Gasversoger dürfen auch mit Sonderkunden Preisanpassungen vereinbaren. Allerdings muss klar sein, wann und in welchem Umfang die Preise erhöht werden. Ein bloßer Verweis auf gesetzliche Vorschriften genügt im Einzelfall nicht, entschied der EuGH am Donnerstag. Ob Kunden nun Geld zurückbekommen, müssen die nationalen Gerichte entscheiden, meint Hans-Christoph Thomale.
Gasversorger dürfen gesetzliche Regelungen über die einseitige Erhöhung von Preisen nicht ohne weiteres auf Sonderkunden übertragen. Dies entschied der Europäische Gerichtshof (EuGH) am Donnerstag auf ein Vorabentscheidungsersuchen des Bundesgerichtshofs (BGH) hin (Urt. v. 21.3.2012, Az. C-92/11).
In Deutschland müssen Gasversorger sogenannte Tarif- bzw. Haushaltskunden nach gesetzlich abgesicherten Standardbedingungen mit Gas versorgen. Sondertarife mit anderen Bedingungen sind aber erlaubt und werden meist abgeschlossen, wenn die Konditionen für den Kunden günstiger sind.

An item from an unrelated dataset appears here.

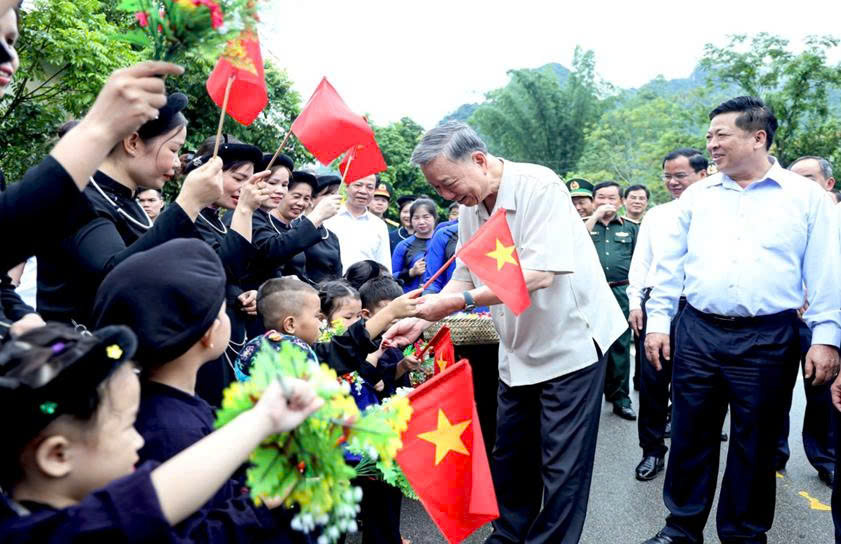 Chủ tịch nước Tô Lâm với thiếu nhi xã Trường Hà, huyện Hà Quảng, tỉnh Cao Bằng ngày 10-6-2024 _Nguồn: vpctn.gov.vn

Verbraucherzentrale hält Klauseln für unwirksam
Der Essener Energieversorger RWE hatte in seinen Verträgen für Sonderkunden Preisanpassungsklauseln verwendet, die auf § 4 der Verordnung über Allgemeine Bedingungen für die Gasversorgung von Tarifkunden verwiesen. Unmittelbar gilt diese Verordnung – wie ihr Name sagt – nur für Tarifkunden, nicht aber für Sonderkunden.

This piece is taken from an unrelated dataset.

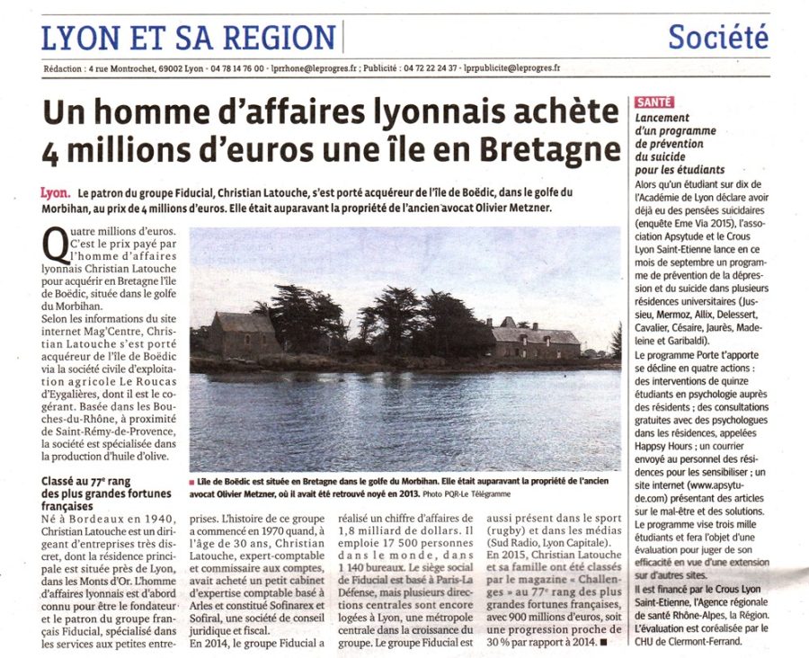 Parmi les pépites du patrimoine de Christian Latouche, l’île de Boedic achetée 4 millions d’euros en 2015 – Capture d’écran Le Progrès

Die Preisanpassungsklausel erlaubt es dem Versorger, die Gaspreise einseitig zu ändern. Anlass, Voraussetzungen und Umfang der Anpassung ergeben sich jedoch nicht unmittelbar aus der Klausel. RWE benachrichtigte seine Kunden allerdings vor einer Preisänderung über diese und gewährte ihnen ein Kündigungsrecht.
Die Verbraucherzentrale NRW hält diese Klausel für unwirksam und ließ sich potentielle Rückzahlungsansprüche von 25 Kunden abtreten, um den Gasversorger verklagen zu können.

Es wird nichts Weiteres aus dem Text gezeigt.